My code is as bellow (unnecessary parts are removed):
A_0 = torch.ones(num, dtype=dtype)
A_0_hpu = A_0.to("hpu")
A_1 = torch.ones(num, dtype=dtype)
A_1_hpu = A_1.to("hpu")
htcore.mark_step()
for j in range(n):
if j == 0:
B_hpu = torch.add(A_0_hpu, A_1_hpu, alpha=2)
else:
B_hpu = torch.add(B_hpu, A_0_hpu, alpha=2)
htcore.mark_step()
I profiled above code with flag HABANA_PROFILE=1
and could observe below error when n
is quite large (in my case, n
>= 60 for 16 MB tensors, A_0_hpu, A_1_hpu, B_hpu
). Can you figure out the reason of error?

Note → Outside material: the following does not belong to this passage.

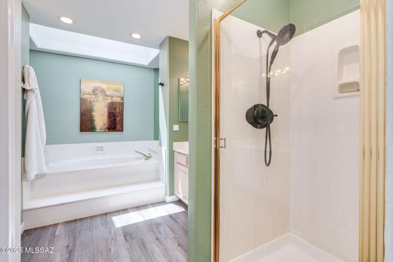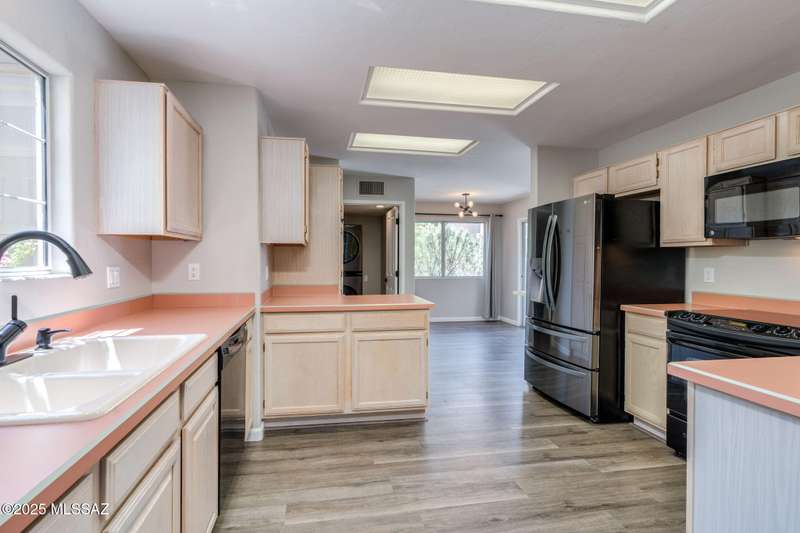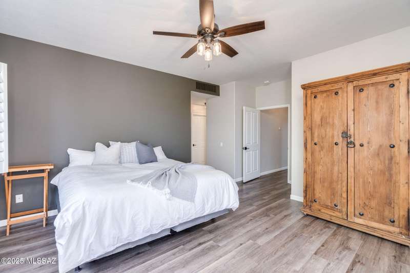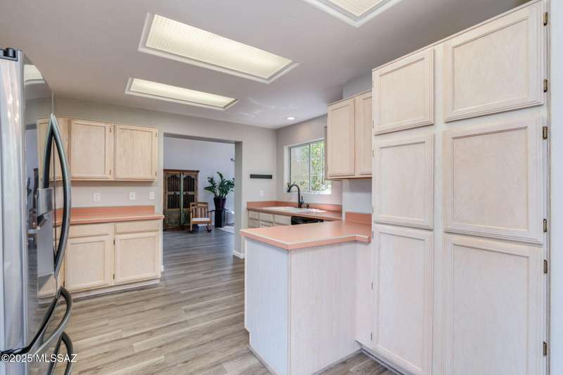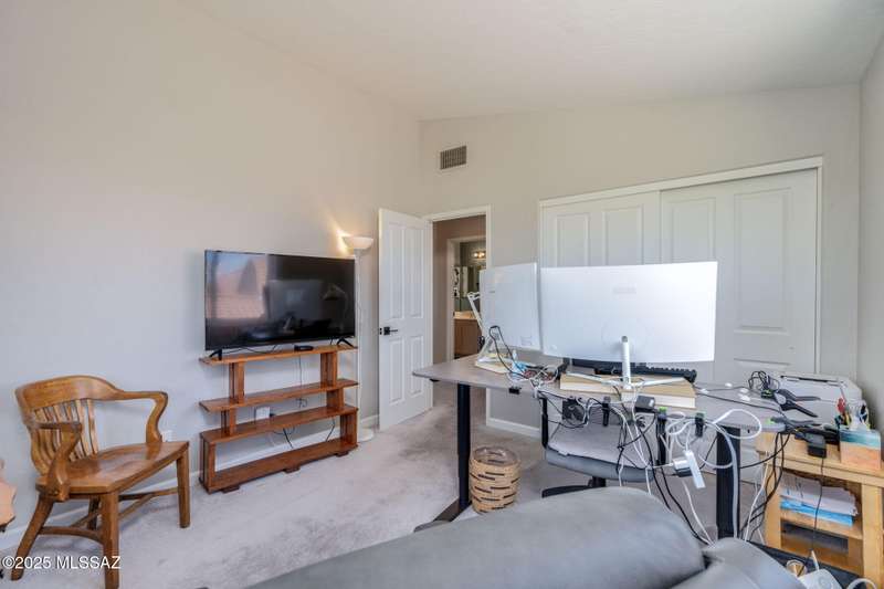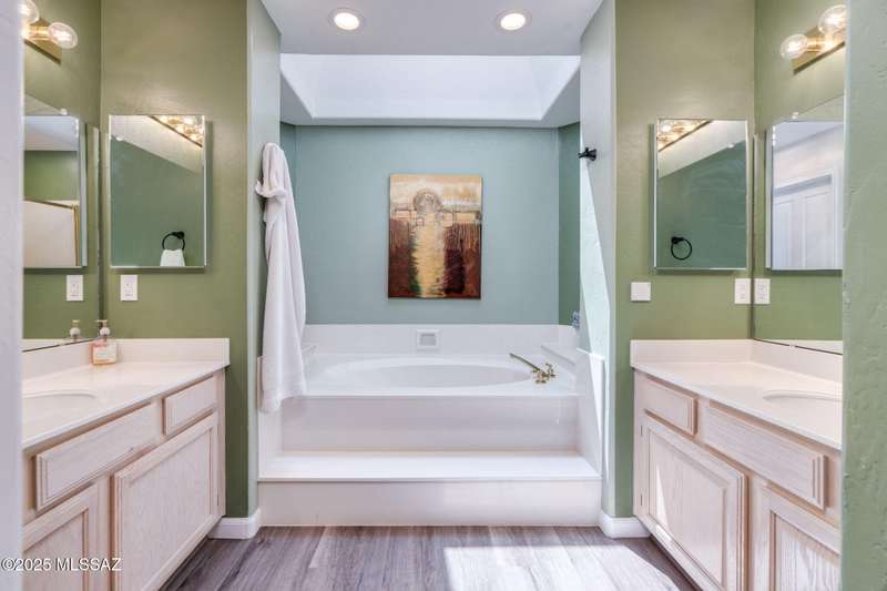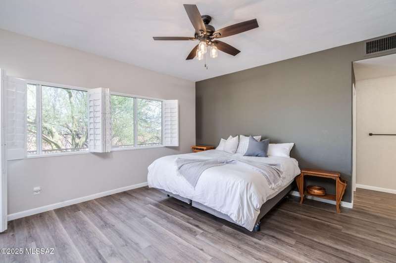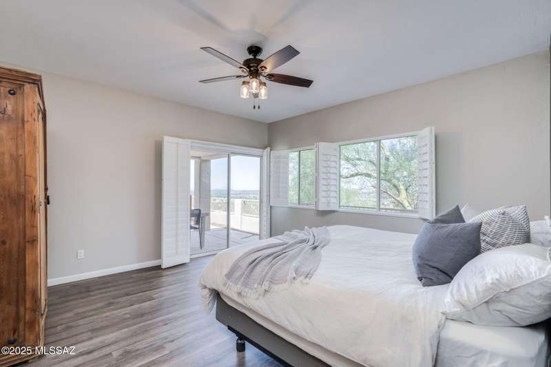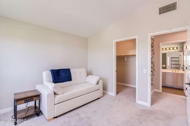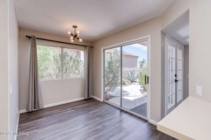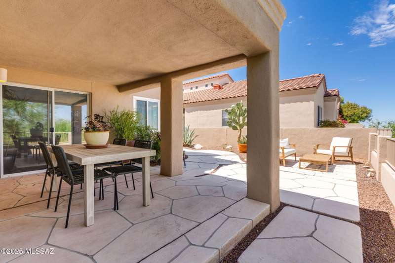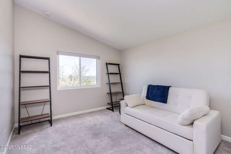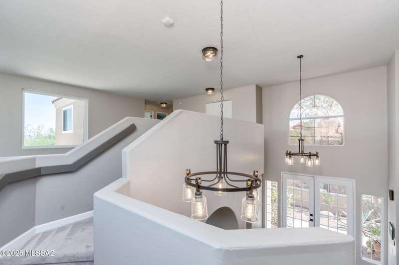 Contemporary 3BD/2.5BA +Den (2,678 sf) residence situated high on THE RIDGE in prestigious, guard gated La Reserve affords ultimate privacy and views. This elegant two-story home overlooks the valley and beyond boasting dramatic views of Pusch Ridge Wilderness plus awe-inspiring sunsets, valley lights and distant mountain vistas. Charming, gated courtyard flows to a neutral and bright floor plan showcasing soaring & vaulted ceilings, high arched windows, elegant French doors, wood-tone ceramic plank tile, plus dramatic floor-to-ceiling fireplace surround in living/dining room. Spacious den off kitchen opens to a private patio to enjoy your morning coffee. Extended Chef's kitchen with sleek black appliances and abundant storage offers a dining nook opening to a flagstone walkway to rear

Internal Error: Received signal - Segmentation fault
Segmentation fault (core dumped)
FYI, the reason I put two mark_step()
s is that I can get more clean “Analyzed Nodes” results (profiling results) after adding them. I can get only one node (e.g., “fusedTPCNode_0_0”) after adding them (I am not confident about this. It might be wrong description). Also, profiler seems to not capture the torch.add() if the resulting tensor is not used without mark_step()
.